All these things contributed to the being of Cat Stevens, song writer. He locked himself away in Soho and wrote and wrote, knowing that one day he would be discovered.

"It’s funny, because although I was lonely I always felt secure within myself until I came into the business . Now I’m frightened. I was scared stiff that ‘Dog’ would be a gigantic smash because of trying to follow it up. As it was I spent longer on ‘Matthew’ than on anything else I’ve ever written. I’m not mixed up but when I try to sit down and work out what I am, it worries me because I don’t know. All I know is I’m a liar. I lie all the time. And I find myself getting into violent arguments with myself through lying. And I'm very money conscious. Well, why not admit it? I have two worlds. The world of my music which I love and the world of money which is great. But I like to know where my money is all the time and what's happening to it. It worries me. I like money."

It is often hard to realise that Cat is only 18. He hates being young and is looking forward to being an old man with an enthusiasm that is almost terrifying.

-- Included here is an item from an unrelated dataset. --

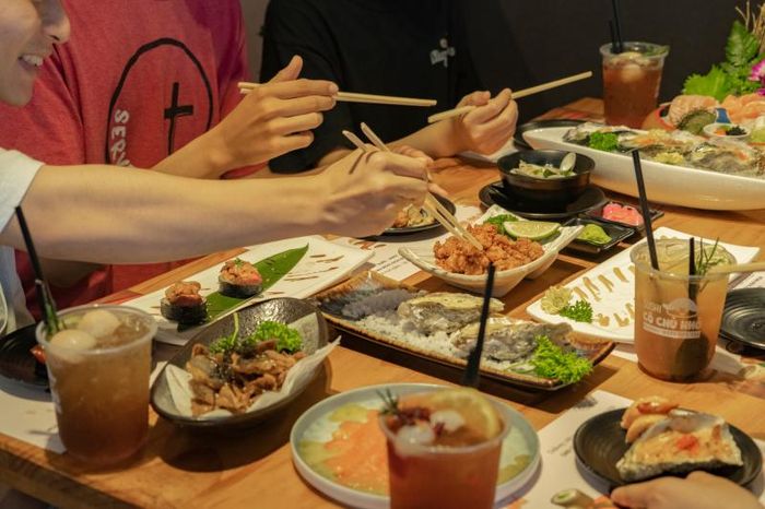 Japanese cuisine is often associated with high quality and expensive prices. However, in a small street corner, you can still find authentic Japanese food at very affordable prices – this is Sushi Cô Chủ Nhỏ. Sushi Cô Chủ Nhỏ is a well-known name among the youth community in Saigon. Starting as a small street-side stall, it has now expanded into a spacious five-story building, gaining even more love and trust from its customers.

"I think being a kid now is hard. That’s why they all look old and worried. The pressures are too great. They don’t get a chance to really enjoy themselves. They should really have a new world, more than any other generation. But they’re still put down. The older generation seems to be very stubborn. When I'm old I’m sure I'll be very happy. I'm looking forward to it and the sooner it happens the better. It’s peace of mind. It's knowing what it’s all about and not having to chase yourself round in circles. Being old will be great."

What will definitely not be great as the devious and successful life of Cat Stevens progresses is the delicate subject of love. It is something he is very worried about.

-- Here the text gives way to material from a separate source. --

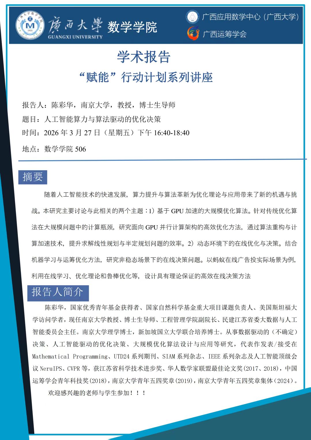 数学学院学术报告:人工智能算力与算法驱动的优化决策
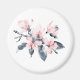 Un imán con un ilustracion acuarela de bonito de flores rosadas con hojas grises sobre un solo tallo. Diseño botánico moderno y elegante.

"One day I’m going to meet the right girl and I’m going to come unstuck. I’m keeping things very casual at the moment because I’ve been in love once and it ran my life. It just took me over — like that! It was a fatal period — I was in a daze all the time. And at the moment I can’t afford it. I want to concentrate on my work."

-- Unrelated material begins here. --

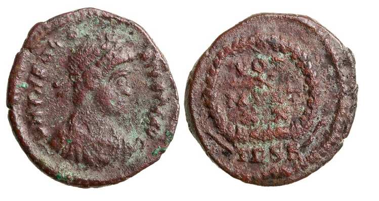 | Cyzicus RIC IX 20c | Theodosius I AE4, Cyzicus. DN THEODOSIVS PF AVG, pearl-diademed, draped and cuirassed bust right / VOT V within wreath. Mintmark SMKΔ. | Text | Image |
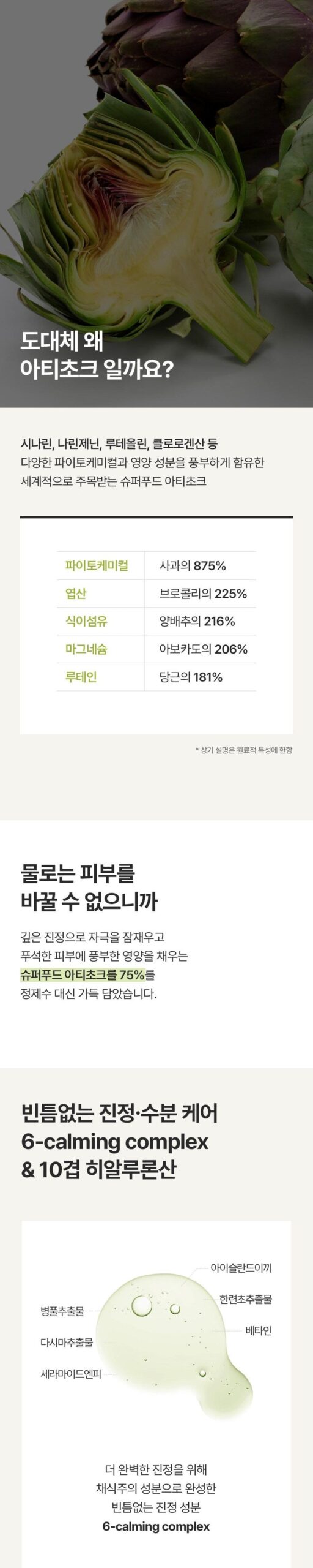 A calming ampoule containing artichoke, a superfood that quickly soothes sensitive skin, to restore hot and red skin barrier to health.

Which might lead you to believe that Cat may be a rather lonely person for quite a long time to come.


Snippets-Disc & Music Echo- Saturday 21st January 1967

Chart Climbers Page 3

Top 50 Chart

1 (2) I'm A Believer - Monkees - RCA Victor
5 (21) Matthew And Son - Cat Stevens - Deram

 Hit Talk By Ron Wood

Cat Stevens is very nervous on stage, but I think it's a great number and I like the big backing. He'll be here for quite a while.

Stars In The News Page 4

Top Of The Pops

Tonight's (Thursday 19th January) 'Top Of The Pops' TV - Cat Stevens, Georgie Fame, Move, Jimi Hendrix, Wayne Fontana, Tremeloes, Searchers plus films of Four Tops and Monkees.


Cat Stevens—whose "Matthew and Son" shoots to number 5 in the chart this week—makes his Palladium TV debut next month. Two dates have been offered — either February 12th or 19th.

He also appears on the Mamas and Papas' bill at the Royal Albert Hall on February 16th.

At Tiles, London, on February 10th an evening will be devoted to Cat and titled "Cat On The Tiles."

He is on "Doddy’s Music Box" (January 28th ), "Monday, Monday" (30th ) and "Parade Of The Pops" (February, 4th). He tours Scotland for three days from February 17th, and may make a major tour of Britain in March.